Arthur Ernst Becher (July 7, 1877 – November 4, 1960) was an American Illustrator.

Background
Becher was born in Germany and emigrated to Milwaukee, Wisconsin at the age of eight. He joined Milwaukee Art Student's League and sketched at Jones Island with Louis Mayer and other artists. In 1899, he moved with William Aylward to Wilmington, Delaware. For a couple of years starting in 1902 he studied under illustrator Howard Pyle.

Becher practiced photography during this period, and in 1902 he participated in the first exhibition of the Photo-Secession, a group of pictorialist photographers selected by Alfred Stieglitz. In 1904, he married Freida L. Knappe and moved to Ardsley, New York.  Freida was frequently a model for his book and magazine illustrations.
  
In 1908, Appleton's Magazine sent Becher to London where he sketched the Elgin Marbles at the British Museum. While in Europe he took the opportunity to study oil painting with the German artist Otto Leopold Strutzel.

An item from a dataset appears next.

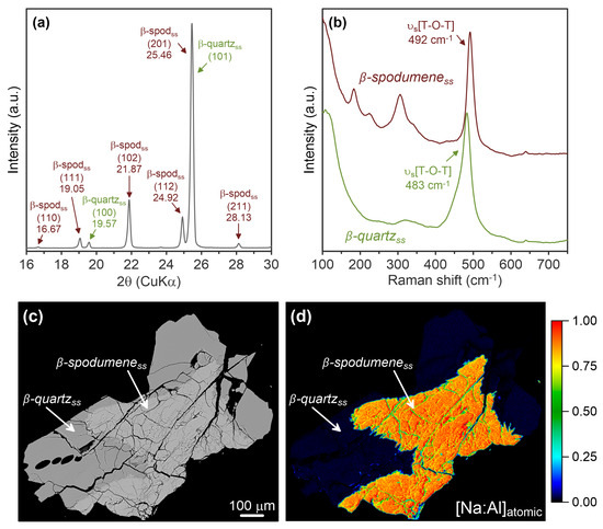 Characteristics of the product from the NaNO3 molten salt exchange experiment performed on synthetic fragments with coexisting crystals of β-spodumeness and β-quartzss. (a) Powder-XRD pattern collected on the ground portion of the recovered material. (b) Raman spectra acquired on β-quartzss and β-spodumeness crystals after exchange. (c) BSE image and (d) quantitative WDS-EPMA map of the [Na:Al]atomic ratio across an exchanged fragment.
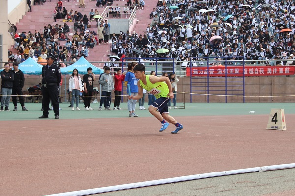 2019年4月19日上午10点45分,潍坊学院第十八届春季田径运动会学生组男子4×400米接力预赛正式开始,物理与光电工程学院李子越、林建豪、梁锋、刘文光四名同学代表物电学院参加参加该项目的角逐。

Becher's career spanned 40 years, during which he illustrated for many of the leading magazines of the day including Collier's Weekly, McCall's, Ladies' Home Journal, Scribner's Magazine and Pictorial Review. He used drawing media such as carbon or charcoal pencil for many of his illustrations but also worked in large scale oil painting. He sometimes painted landscapes. Many of his works had allegorical themes.

In 1959, the common council of Milwaukee purchased some of Becher's work depicting Jones Island for $1,800.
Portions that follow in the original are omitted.